Antimicrobials Flashcards

1
Q

Isoniazid

A
  • MOA-Isoniazid inhibits the synthesis of mycolic acids, which are essential components of the mycobacterial cell wall. Isoniazid is a pro-drug converted by catalase-peroxidase (KatG) to an active metabolite, the nicotinoyl radical, which reacts with NAD to produce adducts that inhibit InhA encoded enoyl acyl carrier protein reductase and the KasA acyl carrier protein synthase to inhibit the synthesis of mycolic acids, which are essential components of the mycobacterial cell wall. A Nicotinoyl-NADP adduct inhibits mycobacterial DHFR as well.
  • Tox-High doses of isoniazid increases the risk of peripheral neuritis. Isoniazid also may precipitate convulsions in patients with seizure disorders, and rarely, in patients with no history of seizures.
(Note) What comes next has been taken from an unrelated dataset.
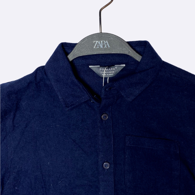 قميص أطفال أنيق بلون كحلي داكن من Primark، مصنوع من قماش خفيف ومريح يناسب اللبس اليومي والمناسبات. يأتي بتصميم كلاسيكي مع أزرار أمامية وجيب صغير، مناسب لفصل الخريف والشتاء.
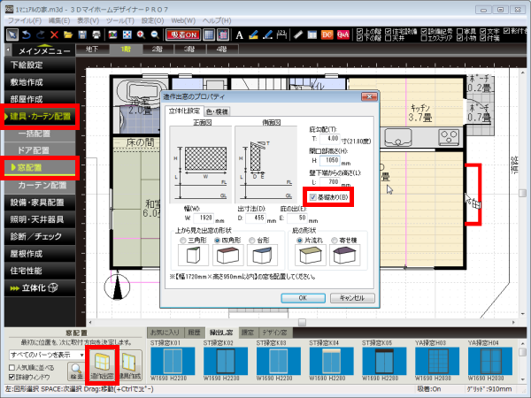表示された[造作出窓のプロパティ]で、[開口部高さ]や[壁下端からの高さ]などを設定し、[基礎あり]のチェックをオンにして[OK]をクリックします。

Hepatotoxic metabolites in slow acetylators. Optic neuritis and atrophy also have occurred during therapy with the drug.
  • Resistance to isoniazid develops rapidly and is due to polymorphic fast NAT2 acetylation, mutation of the KatG gene that encodes the activating catalase-peroxidase, a missense mutation of the INHA gene involved in mycolic acid synthesis or mutation of KasA.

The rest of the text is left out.